In the race toward fault-tolerant universal quantum computing, a new champion is a photonic quantum computer which takes advantage of the well-developed optic fiber technology and uses the photons as the quantum state. With the invention of the quantum computing (QC) concept, the development of suitable optic quantum technology came both an intriguing approach to the problem and a necessity. On the one hand, the advantages of using photons as information carriers are clear, photons are clean and decoherence-free quantum systems for which single-qubit operations can be effortlessly performed with incredibly high constancy. On the other hand, quantum information handling with photons as “ flying qubits” is needed for communication-based quantum information science tasks, similar to networking quantum computers and enabling distributed processing like quantum key distribution.

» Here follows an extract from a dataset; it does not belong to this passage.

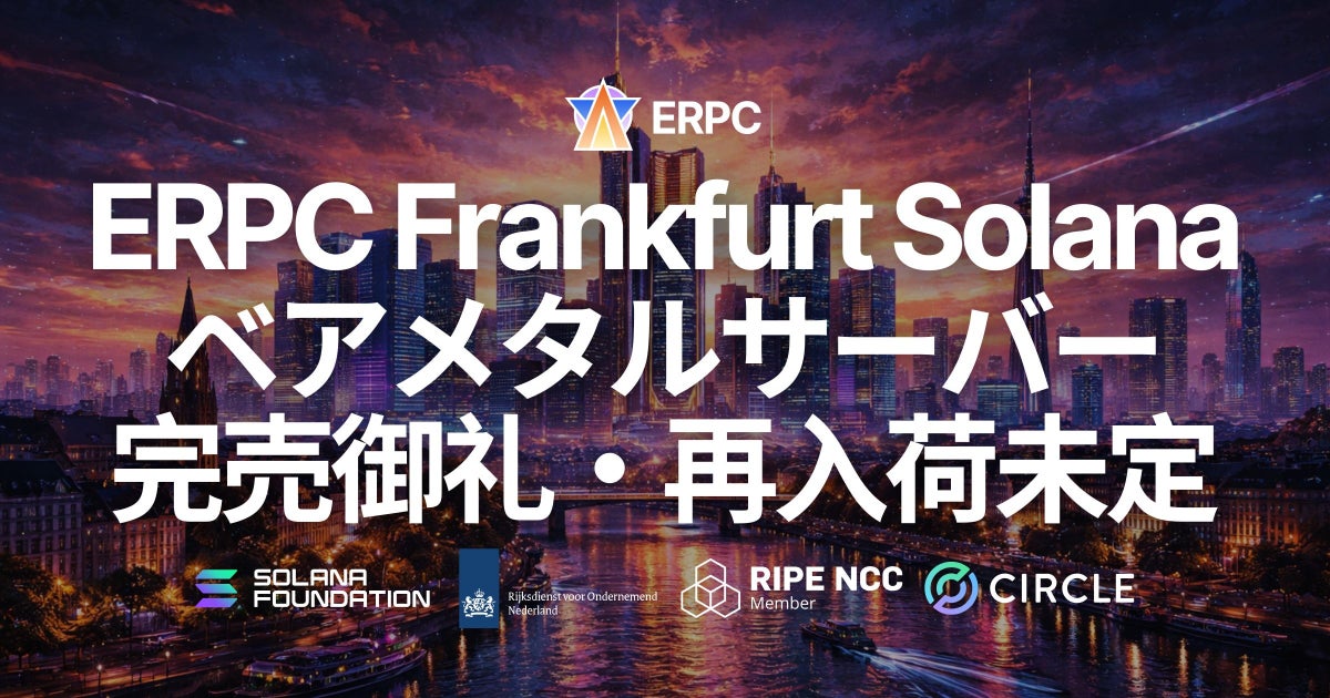 ELSOUL LABO B.V.(本社:オランダ・アムステルダム、代表取締役 CEO:川崎文武)および Validators DAO が運営する ERPC は、フランクフルト(FRA)リージョンにおいて提供してきた Solana アプリケーション向けベアメタルサーバー「SLV Metal APP+」ならびにプレミアムベアメタルサーバー「Metal Premium APP」「Metal Premium APP+」が完売したことをお知らせします。

In terms of the traditional DiVincenzo criteria of a quantum computer, five out of seven are inherently satisfied by choosing photons. The remaining criteria are harder to satisfy because photons don’t freely interact, making deterministic two-qubit gates a challenge. Among the added specialized considerations is photon loss, which arises from flawed detection and photon generation ways, and scattering and absorption in optic factors comprising the arithmetic circuits. Although photons are always flying, computing and networking tasks may need them to be delayed or stored, so a redundant device — an optic quantum memory — may occasionally be demanded.

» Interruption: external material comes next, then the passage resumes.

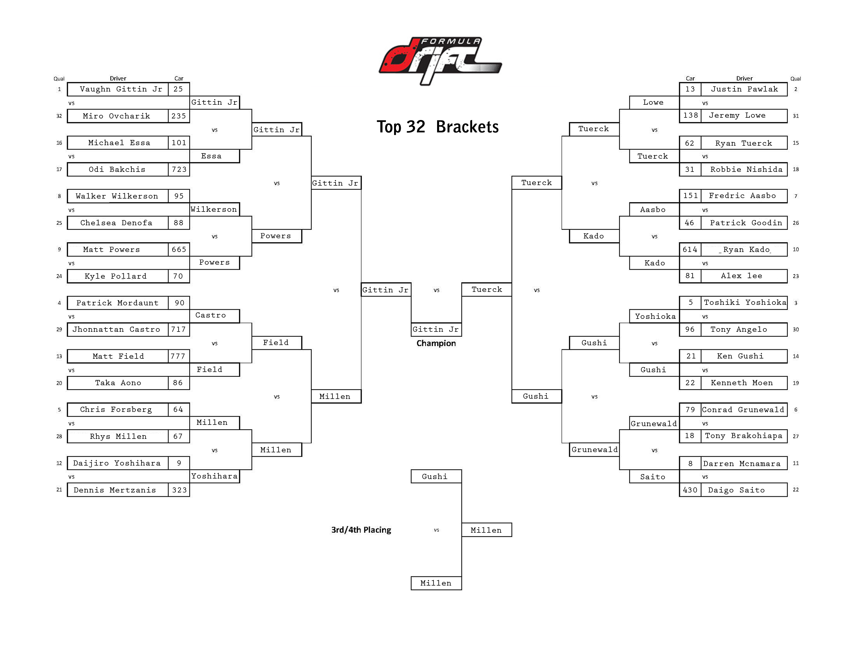 Formula D Rd.5 Results Bracket. Posted on July 21, 2012 by Toxic Congratulations to all the Podium drivers at yet another amazing Formula D event. 1st. Vaughn Gittin Jr. 2nd. Ryan Tuerck 3rd. Rhys Millen

Addressing each of these considerations requires more resources, creating a notionally large optic QC outflow that has now led to negative comprehensions of the photonic approach.

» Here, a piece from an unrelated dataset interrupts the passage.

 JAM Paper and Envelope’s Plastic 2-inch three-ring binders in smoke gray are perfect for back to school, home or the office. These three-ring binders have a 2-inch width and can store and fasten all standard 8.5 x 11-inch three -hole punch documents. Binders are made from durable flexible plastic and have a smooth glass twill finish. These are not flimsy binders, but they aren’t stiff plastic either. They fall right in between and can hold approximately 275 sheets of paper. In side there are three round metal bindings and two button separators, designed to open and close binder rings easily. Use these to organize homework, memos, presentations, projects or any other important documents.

Of course, profound exploration is underway in developing deterministic optic quantum gates, which could take photonic quantum computing in a new direction. Meanwhile, the idea of direct optical quantum computing that relies on simple, but probabilistic, quantum operations have added promise as it has continued development over the last 20 years. On the technology side, we look at photon finding and generation tools, integrated waveguide technology — and some new intermediate quantum computing demonstrations that these enable. On the abstract side, we discuss many promising ways toward a realistic universal linear optical quantum computer. We’ll concentrate on photonic quantum computing that relies on qubits encoded in discrete variables, but still, that quantum computing with continuous variables has now become an important part of LOQC.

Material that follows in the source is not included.